A few days before Christmas A and I headed back to Oslo. We were getting ready for our very own first Christmas together. Being a family-person, I always had big Christmas celebrations, many people coming over, having dinner together, playing games, just being merry together, fun, arguments, too much to eat and what ever else you need, to have a true Christmas party but this year was different. This year it was just A and I – a first.

So when we got up early the 24th, I made some coffee and sat down in the living room. A came running in and asked me if we could open presents – NOW. A thought it’d be a good idea to combine our cultural traditions – and put aside our differences – of celebrating Christmas Eve and Christmas Morning and created a pre-Christmas morning. Best idea ever btw. So we sat down in front of our Piss-mas-tree and exchanged gifts. Santa-Christkind-Norwegian-Style brought me wonderful slippers and a bunch of art materials and A’s Santa brought him a couple of champagne glasses and a calendar-of-love (closely related to the book of love…).

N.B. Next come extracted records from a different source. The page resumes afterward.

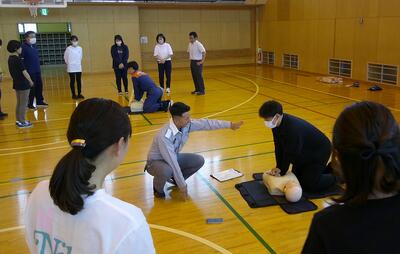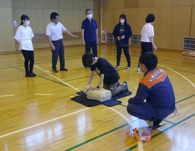 6月13日(金)放課後、校内研修の一環として、利根沼田広域消防本部・西消防署の救命士、消防士の方を講師に、救急救命講習会を実施しました。
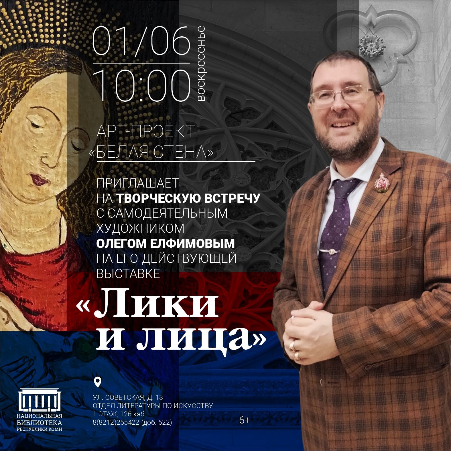 Национальная библиотека Республики Коми приглашает в 10:00 на творческую встречу с самодеятельным художником Олегом Елфимовым на его выставке "Лики и лица" (6+).
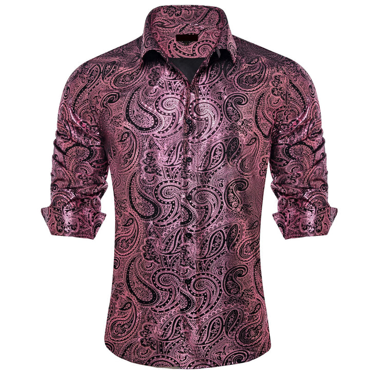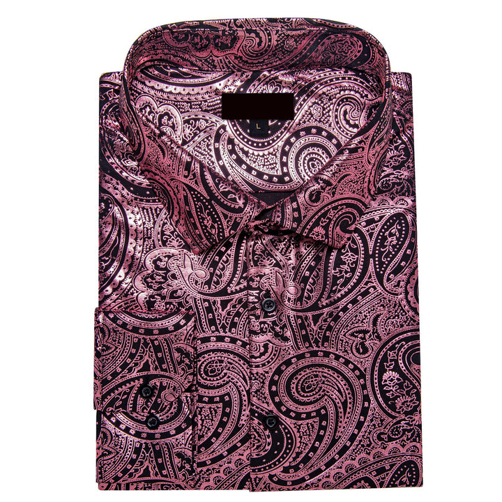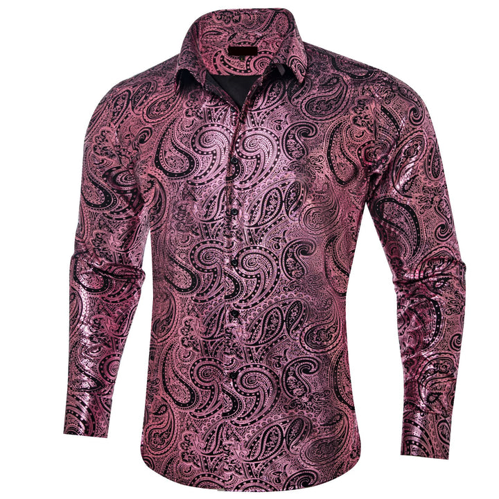 Ties2you Dress Shirt Blush Pink Paisley Hot Stamping Long Sleeve Mens Shirt

We then had some breakfast together and played some games, watched TV, watched movies, enjoyed our day and waited for evening to come. We had plans to celebrate it at the activity house, with all the less fortunate people, which for us was very extraordinarily fortunate. Around 3.30 we left our apartment and headed down to the city. Both A and I were extremely excited. WHAT did we sign up for? Norwegian food? Norwegian traditions? Norwegian people? Can we handle it? That was for us to find out. On the way downtown we suddenly had the realization that the trains might not run all night and that by the end of the night we might have to take a cab to get home, so A told me, if he’d give me the hairy eyeball, it was time to go, just to be on the save-traveling-home-side.

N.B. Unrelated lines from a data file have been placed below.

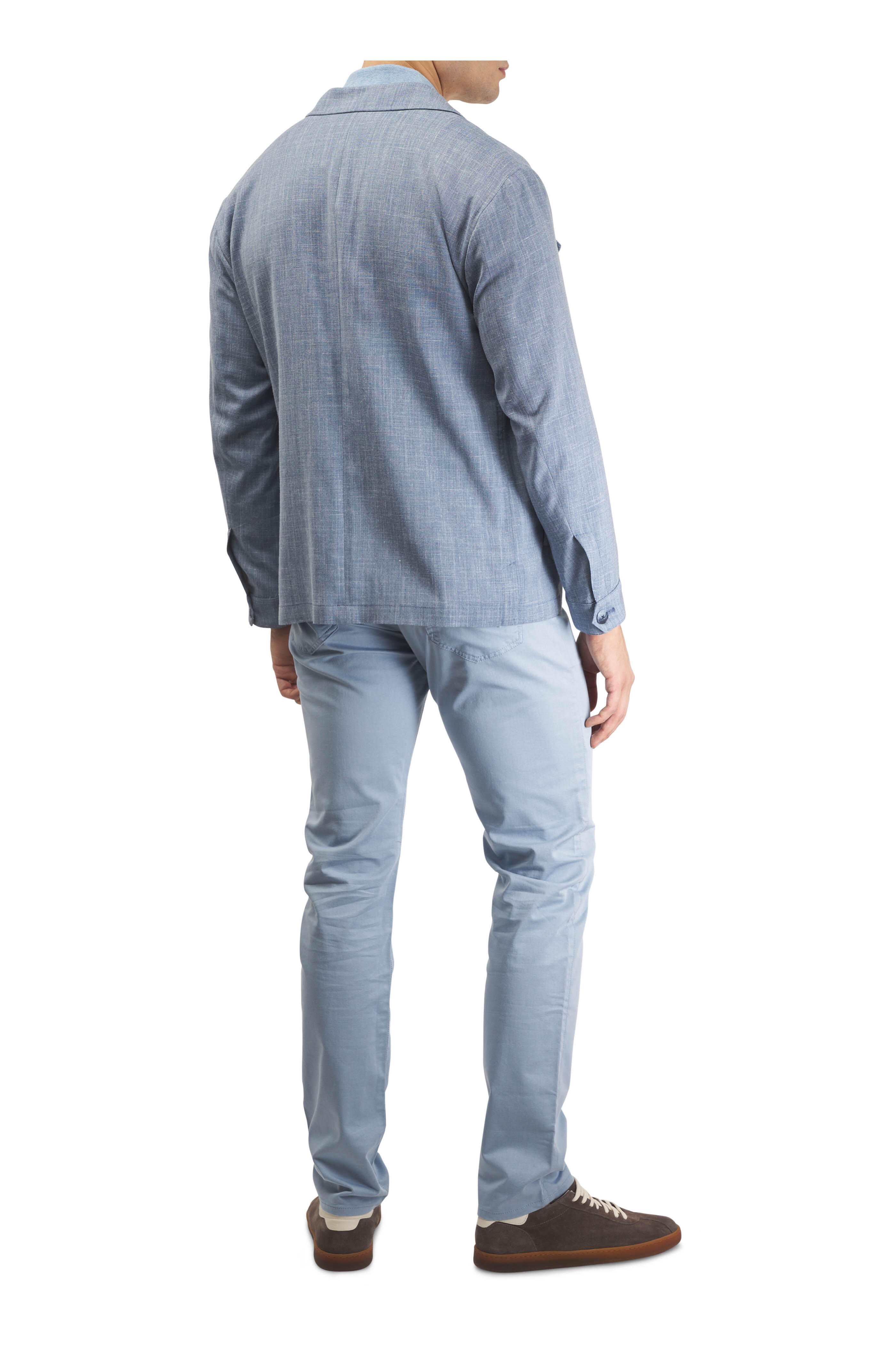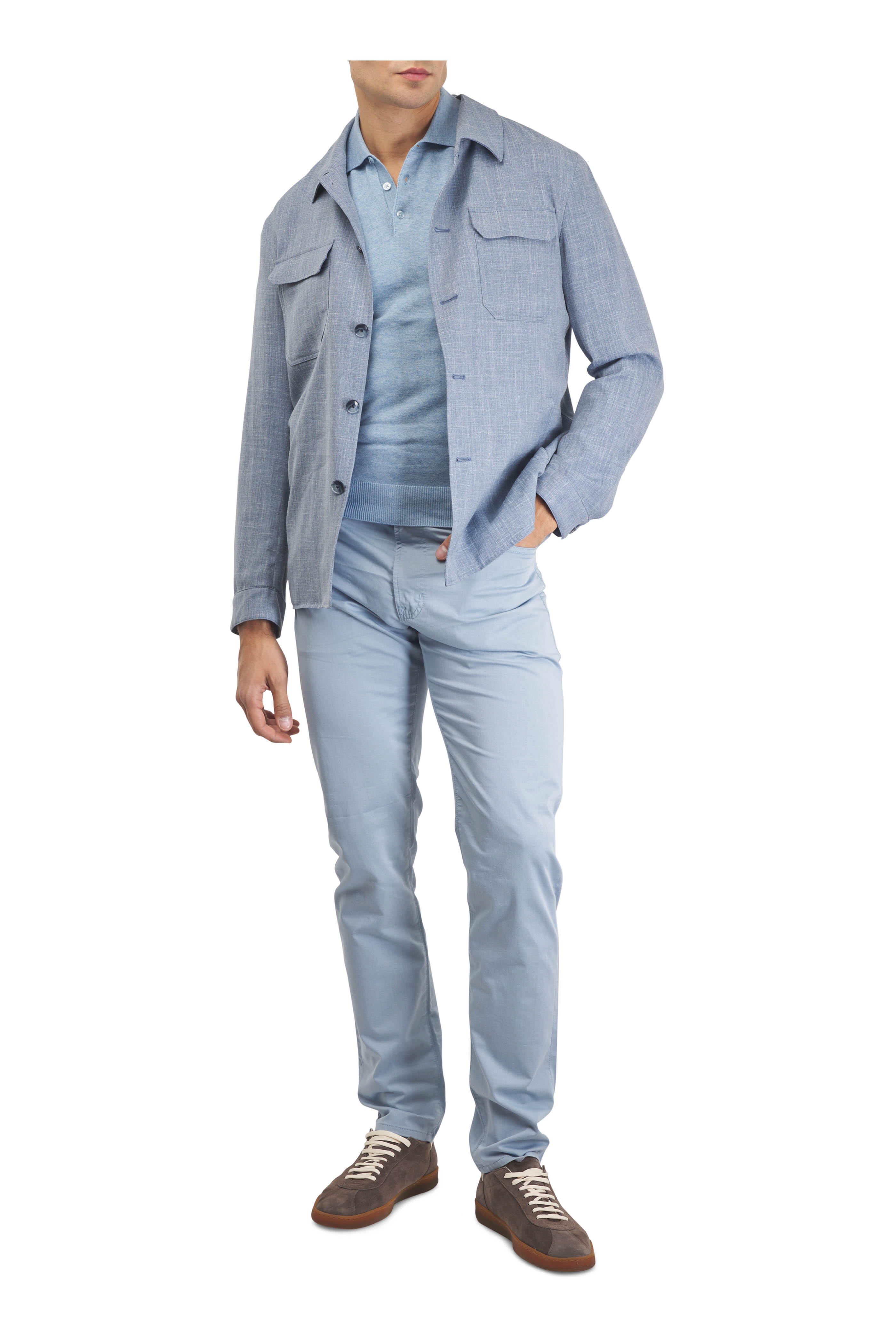 Banded waist; belt loops. Zip fly; button closure. Five pocket styling. Fabric from Italy. Inseam: 33". 53% cotton, 44% polyester, 3% elastane. Machine wash.
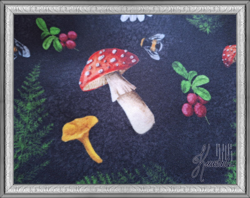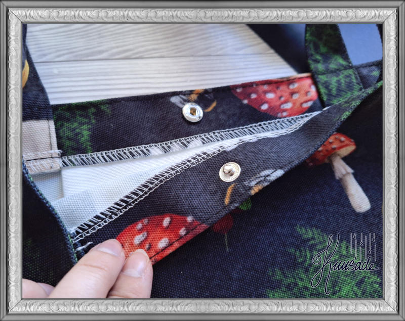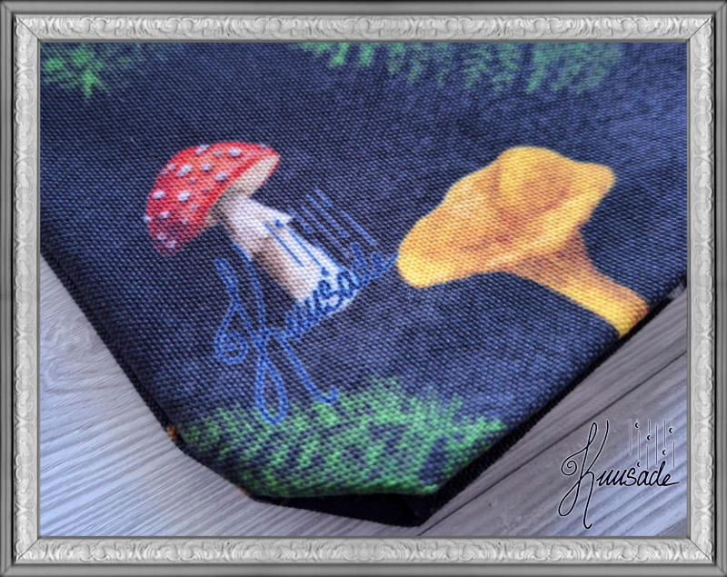The Canvas totebags of Kuusade are printed from the own art of Jenna Tuomala. The material on the totebags is thicker and more durable Canvas-style polyester fabric. The bags have a snap for fastening and a small, separate zipper pocket inside
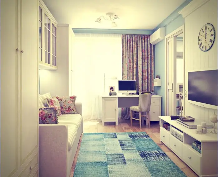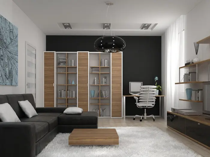在墙面装饰材料方面,选择可以非常多样化。然而,建议选择柔和或中性色调的壁纸或纹理涂料。明亮的颜色可以用于突出一面墙或作为装饰——如靠垫、纺织品、画作。考虑到所有可能的活动和放松都会在一室中进行,过于饱和的墙面色彩不会有助于良好的工作或休息。

As we entered the house we were greeted by a horrific smell of pinekjøtt. Dried and salted lamb, boiled in hot water and then cooked in the oven for another century or so. Seriously? Is that what you call food? I don’t think so. But A, being very polite person choked down the food and topped it off with a smile. Occasionally we would made some ‘mhmmmm’ sounds which was paired with a little ‘how can I spit this out without anyone seeing it?’ whisper. We washed the food down with some gløgg, a very very very sweet hot drink infused with raisins and nuts and some other things I blended out, Norwegians just drink that to keep warm at Christmas. Needless to say that neither A nor I went for seconds on neither the food nor the drinks. There were about 30 people, all of them dressed nicely and all of them having big smiles on their faces. We all genuinely enjoyed the company (which so far was the only thing we really enjoyed). We had some good laughs, some wonderful conversations, some jokes were told and all in all it was just wonderful to be surrounded by such caring people. And then: dessert. Now, I don’t know how many of you ever heard anybody say ‘let’s go and have Norwegian food, I know this really good Norwegian restaurant, right around the corner’ but I never heard anyone say that, not even in Norway. So you can imagine my face as I choked down some cloud berries. Something Norwegians are particularly fond off, they also are very secretive about there whereabouts and if it were up to me, it might as well stay that way. Cream and tasteless berries. To one of these A is allergic and the other one is just not what you would call delicious.

No surprise here – no seconds either. However we ate all the displayed chocolate, pepperkakene (= ginger bread) and all the other sweets that were put out. And then, the highlight of the evening: the dance around the Christmas-tree. What you need: a Christmas tree in the middle of the room, and 30 people holding hands and a sense for music. What you do: hold hands, walk either one or the other way around the Christmas tree and sing. What we did: laugh. It was just such a bizarre experience, not knowing the lyrics to the songs and walking and laughing and singing and making some hand gestures to the songs that were sung. Needless to say, we had a one-of-a-kind-blast. By the end of this both A and I were just genuinely happy and merry (and made a mental note for a new tradition we wanted to keep). After some quiz-games A gave me a long look, which I interpreted as, ‘I really love it here, let’s stay longer’ but what actually meant ‘let’s go home before we miss our train’. The good news was the public transportation was still running, the bad news was our train needed another 30 minutes before it would get here and we were stuck in the terrible cold. Somehow we made it home, somehow we made it through the day, somehow we survived our very first Christmas all by ourselves and somehow I know with certainty that Norwegian food will never ever, in my life time be on my Christmas dinner list, ever.